==== Supplied information ====

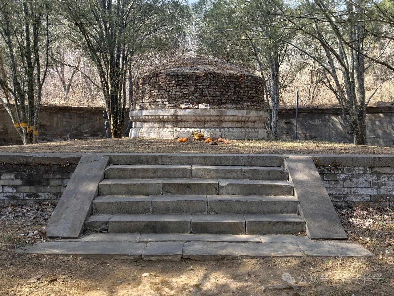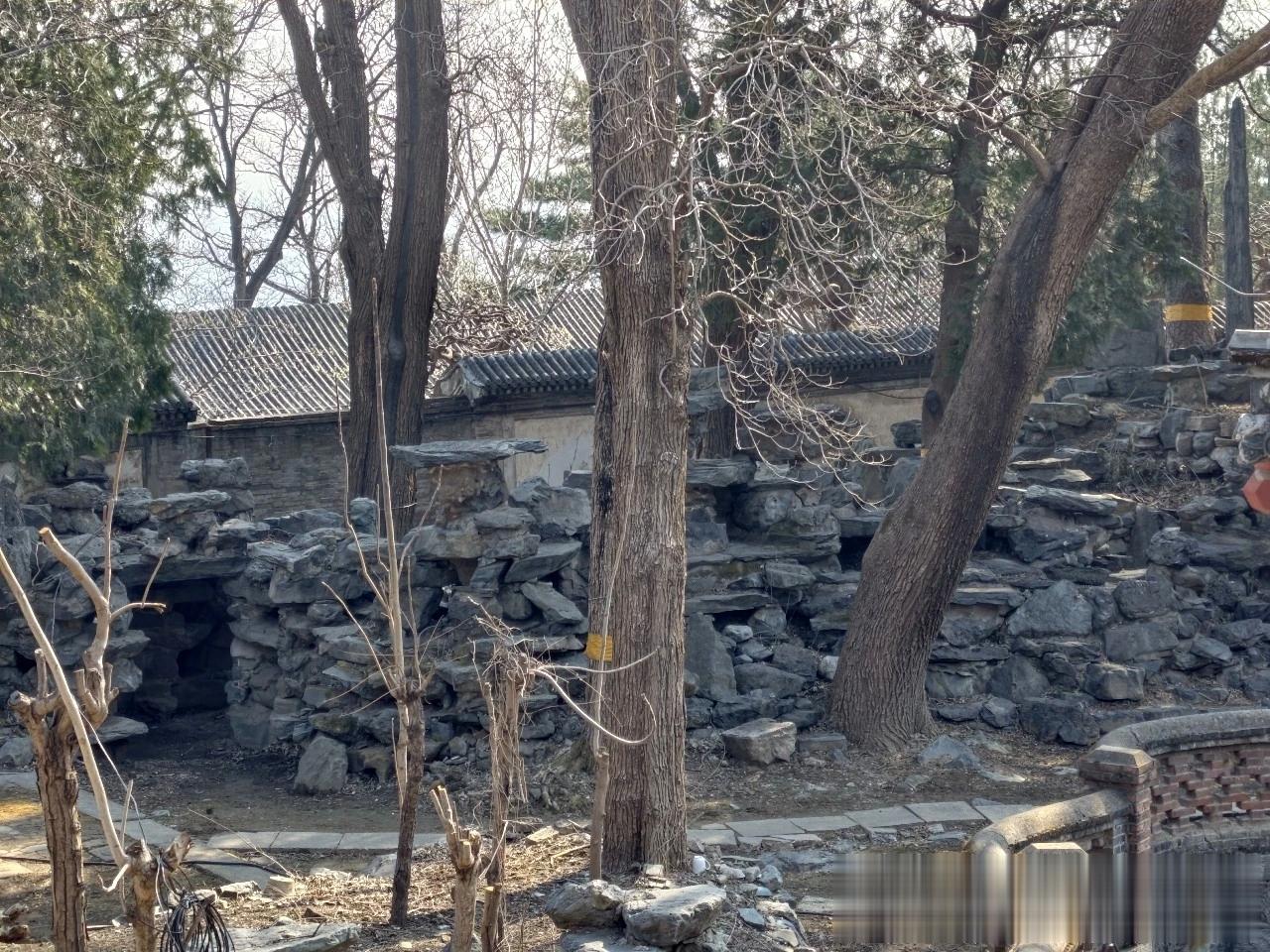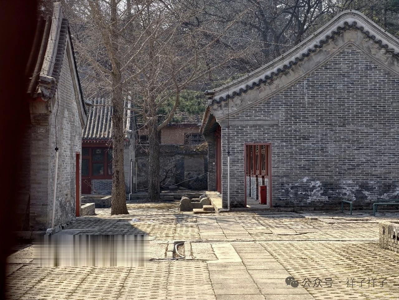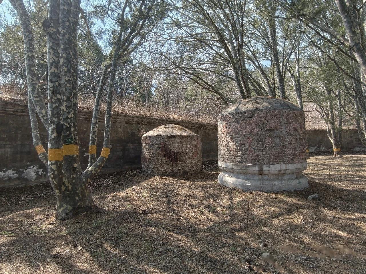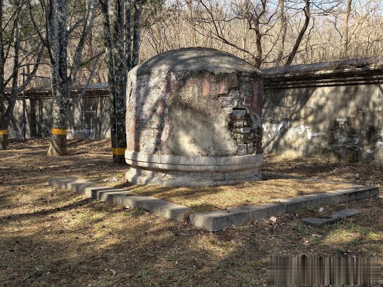 香水院这块风水宝地,被七王爷看中后,为了修建园寝,香水院行宫的旧址几乎被破坏殆尽!!从此处下望,明显可见阳宅和阴宅后面的高大石砌围墙,也隐约能看到阴宅里面的宝顶。
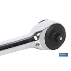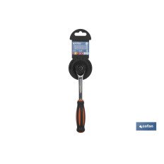 Carraca con doble funcionamiento de apriete, girando el mango y con el apriete habitual. Botón de liberación rápida. Mecanismo intercambiable de uso fácil. Fabricado en Cromo/vanadio. Cabezal cuadrado de Cromo Molibdeno. Mango bimaterial. La carraca permite un apriete muy preciso mediante el sistema habitual y con el sistema de giro continuado del mango. Habitual en mecánicos, construcción, lugares de espacios reducidos. Fabricada con materiales de alta calidad.
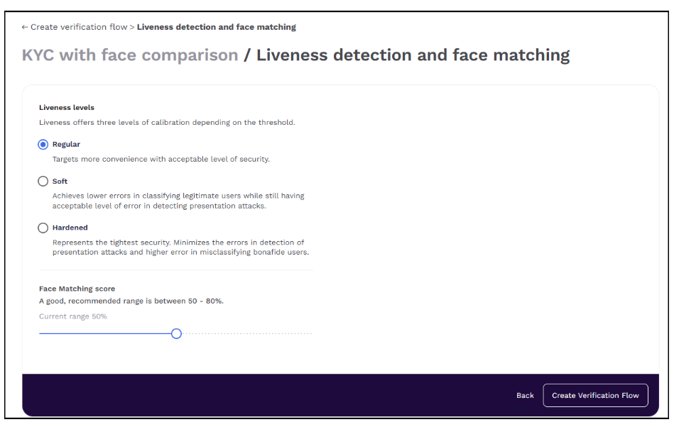 - Manage face liveness and face matching threshold - In Step 3, administrators can configure Face Liveness (Soft, Regular, or Hardened) and set the Face Comparison Threshold (default: 50%) to control the sensitivity of biometric matching.
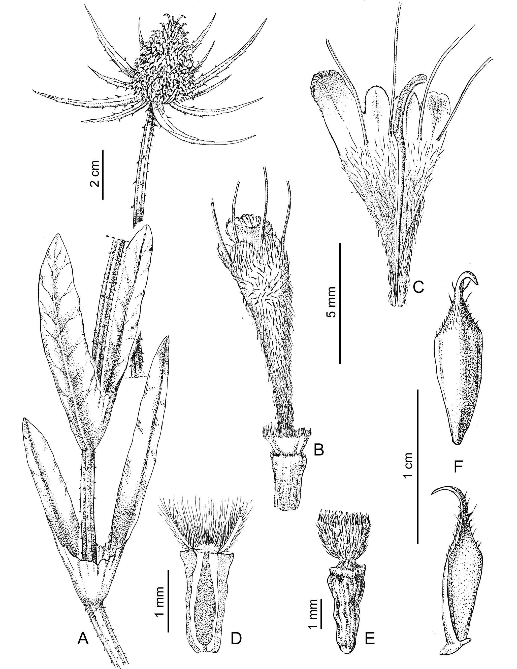 Hierbas bienales hasta de 180 cm de alto. Tallos erectos, acostillados, huecos, simples o más generalmente ramificados en la parte superior, con aguijones cortos, rectos o algo curvados y retrorsos, más densos debajo de las inflorescencias. Hojas basales dispuestas en roseta, simples, brevemente pecioladas o sésiles, con lámina oblongo-lanceolada u oblongo-elíptica, de 15-20 × 5 cm, margen entero o a veces irregularmente crenado o dentado, con nervadura principal prominente en el envés, con aguijones. Hojas superiores sésiles, angostamente ovadas, de 5-7 × 1,5-2,5 cm, connatas en la base. Inflorescencias en capítulos globosos, ovoides u ovoide-cilíndricos, de 25-80 × 19-40 mm; pedúnculos hasta de 26 cm de largo; receptáculo cilíndrico, glabro. Brácteas del involucro subuladas, hasta de 6 cm de largo, muy desiguales, coriáceas, ligeramente curvadas, ascendentes. Bractéolas oblongoespatuladas, de 11-13 mm de largo, abruptamente contraídas en un extremo punzante marcadamente rígido y uncinado. Flores perfectas. Involucelo con tubo surcado por 8 costillas ± desarrolladas por igual, con pelos dirigidos hacia arriba, abundantes entre las costillas. Corola de 8-10,5 mm de largo, violeta o rosadoviolácea, pubescente en la cara externa y en la garganta; tubo de 6,7-8 mm de largo; lóbulos de 1,3-2,5 mm de largo, pubéruloglandulosos en la cara interna. Frutos secos de 3-4 mm de largo, con 4-8 costillas, híspidos, con cáliz persistente en el ápice.
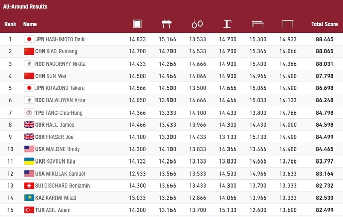 Победу одержал 19-летний японец Дайки Хашимото, вторым стали китаец Сяо Жотен, замкнул тройку призеров представитель команды ОКР Никита Нагорный.
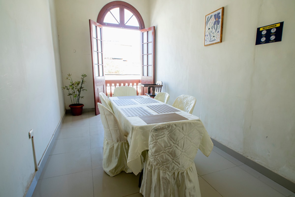 Disfruta del centro de la ciudad de Piura, a un par de cuadras de la Plaza de Armas y cerca de restaurantes, bancos, tiendas de moda y fácil acceso al transporte público y privado. Te hospedarás en una cómoda y amplia habitación privada, cuenta con una cama de dos plazas, ventilador, TV con cable, wifi gratuito y closet. Incluye desayuno para que tu día sea aún más excepcional. Ideal para ejecutivos y viajeros que deseen un lugar tranquilo para descansar.
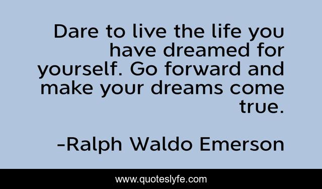 This page presents the quote "Dare to live the life you have dreamed for yourself. Go forward and make your dreams come true.". Author of this quote is Ralph Waldo Emerson. .
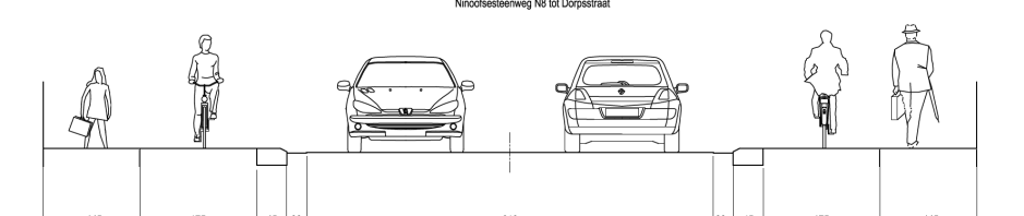 In de tweede zone tussen de Dorpsstraat en de Neerhofstraat is een parkeerstrook van 2m noodzakelijk. Hiervoor wordt op alles wat beknibbeld: rijweg van 5,8m, fietspaden van 1,5m en voetpaden van minimum 1m.
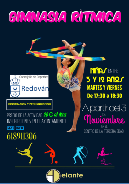 La Concejalía de Deportes de Redován organiza un curso de Gimnasia Rítmica para niñas de entre 3 y 12 años que se desarrollará los martes y los viernes de 17.30 a 18.30 en el centro de la Tercera Edad. El precio de la actividad es de 20 euros al mes y las clases dan comienzo el próximo 3 de noviembre. Más información en el teléfono: 618 911 306. Inscripciones en el Ayuntamiento.
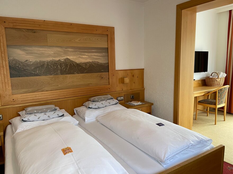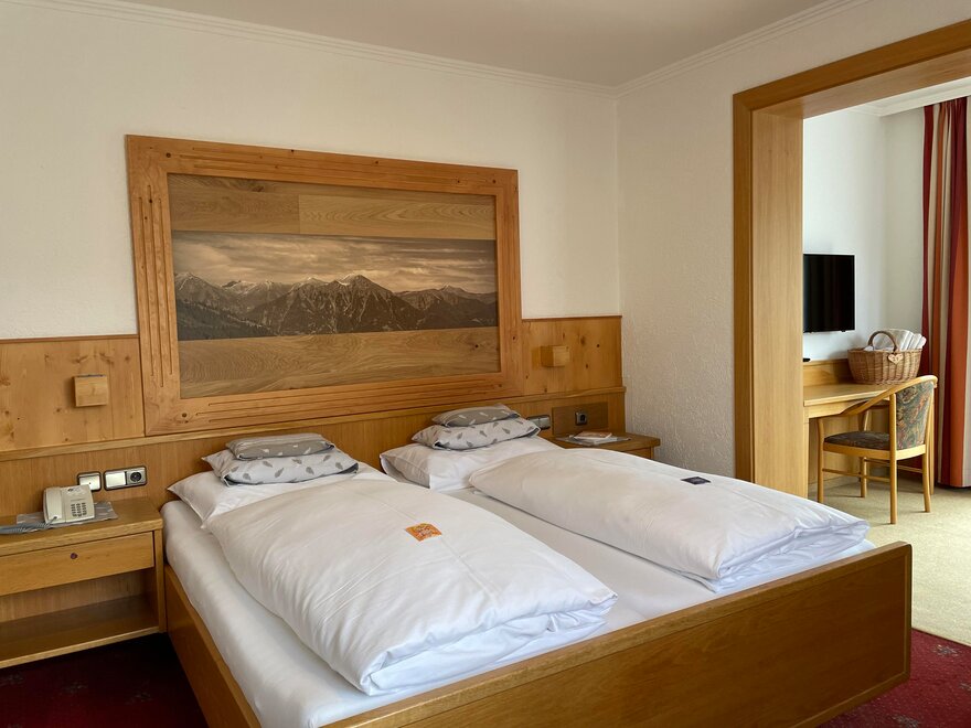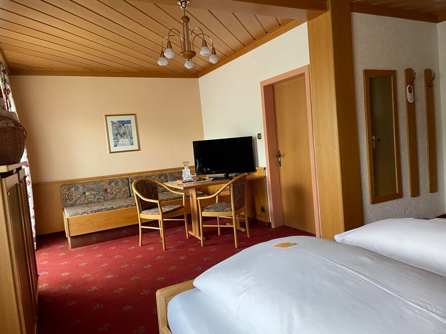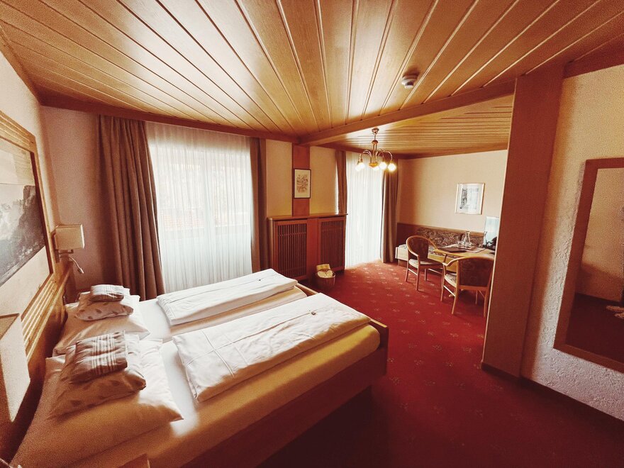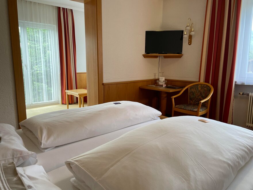 Nice Doubleroom for 2-3 person with bath or shower, toilet, radio and TV with a seating area, a balcony or a French balcony and nice mountain view.
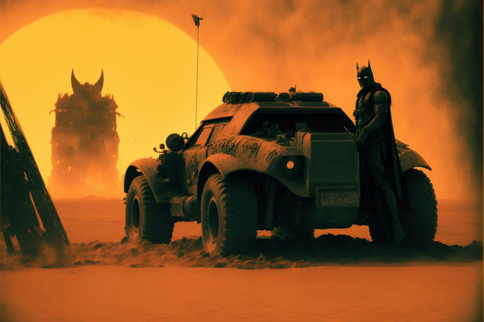 Кроссовер «Бэтмена» и «Безумного Макса» от Midjourney

====

Task requirements ▸ Go through the entries above and print each one exactly, minus the pictures.

Task answer ▸
 香水院这块风水宝地,被七王爷看中后,为了修建园寝,香水院行宫的旧址几乎被破坏殆尽!!从此处下望,明显可见阳宅和阴宅后面的高大石砌围墙,也隐约能看到阴宅里面的宝顶。
 Carraca con doble funcionamiento de apriete, girando el mango y con el apriete habitual. Botón de liberación rápida. Mecanismo intercambiable de uso fácil. Fabricado en Cromo/vanadio. Cabezal cuadrado de Cromo Molibdeno. Mango bimaterial. La carraca permite un apriete muy preciso mediante el sistema habitual y con el sistema de giro continuado del mango. Habitual en mecánicos, construcción, lugares de espacios reducidos. Fabricada con materiales de alta calidad.
 - Manage face liveness and face matching threshold - In Step 3, administrators can configure Face Liveness (Soft, Regular, or Hardened) and set the Face Comparison Threshold (default: 50%) to control the sensitivity of biometric matching.
 Hierbas bienales hasta de 180 cm de alto. Tallos erectos, acostillados, huecos, simples o más generalmente ramificados en la parte superior, con aguijones cortos, rectos o algo curvados y retrorsos, más densos debajo de las inflorescencias. Hojas basales dispuestas en roseta, simples, brevemente pecioladas o sésiles, con lámina oblongo-lanceolada u oblongo-elíptica, de 15-20 × 5 cm, margen entero o a veces irregularmente crenado o dentado, con nervadura principal prominente en el envés, con aguijones. Hojas superiores sésiles, angostamente ovadas, de 5-7 × 1,5-2,5 cm, connatas en la base. Inflorescencias en capítulos globosos, ovoides u ovoide-cilíndricos, de 25-80 × 19-40 mm; pedúnculos hasta de 26 cm de largo; receptáculo cilíndrico, glabro. Brácteas del involucro subuladas, hasta de 6 cm de largo, muy desiguales, coriáceas, ligeramente curvadas, ascendentes. Bractéolas oblongoespatuladas, de 11-13 mm de largo, abruptamente contraídas en un extremo punzante marcadamente rígido y uncinado. Flores perfectas. Involucelo con tubo surcado por 8 costillas ± desarrolladas por igual, con pelos dirigidos hacia arriba, abundantes entre las costillas. Corola de 8-10,5 mm de largo, violeta o rosadoviolácea, pubescente en la cara externa y en la garganta; tubo de 6,7-8 mm de largo; lóbulos de 1,3-2,5 mm de largo, pubéruloglandulosos en la cara interna. Frutos secos de 3-4 mm de largo, con 4-8 costillas, híspidos, con cáliz persistente en el ápice.
 Победу одержал 19-летний японец Дайки Хашимото, вторым стали китаец Сяо Жотен, замкнул тройку призеров представитель команды ОКР Никита Нагорный.
 Disfruta del centro de la ciudad de Piura, a un par de cuadras de la Plaza de Armas y cerca de restaurantes, bancos, tiendas de moda y fácil acceso al transporte público y privado. Te hospedarás en una cómoda y amplia habitación privada, cuenta con una cama de dos plazas, ventilador, TV con cable, wifi gratuito y closet. Incluye desayuno para que tu día sea aún más excepcional. Ideal para ejecutivos y viajeros que deseen un lugar tranquilo para descansar.
 This page presents the quote "Dare to live the life you have dreamed for yourself. Go forward and make your dreams come true.". Author of this quote is Ralph Waldo Emerson. .
 In de tweede zone tussen de Dorpsstraat en de Neerhofstraat is een parkeerstrook van 2m noodzakelijk. Hiervoor wordt op alles wat beknibbeld: rijweg van 5,8m, fietspaden van 1,5m en voetpaden van minimum 1m.
 La Concejalía de Deportes de Redován organiza un curso de Gimnasia Rítmica para niñas de entre 3 y 12 años que se desarrollará los martes y los viernes de 17.30 a 18.30 en el centro de la Tercera Edad. El precio de la actividad es de 20 euros al mes y las clases dan comienzo el próximo 3 de noviembre. Más información en el teléfono: 618 911 306. Inscripciones en el Ayuntamiento.
 Nice Doubleroom for 2-3 person with bath or shower, toilet, radio and TV with a seating area, a balcony or a French balcony and nice mountain view.
 Кроссовер «Бэтмена» и «Безумного Макса» от Midjourney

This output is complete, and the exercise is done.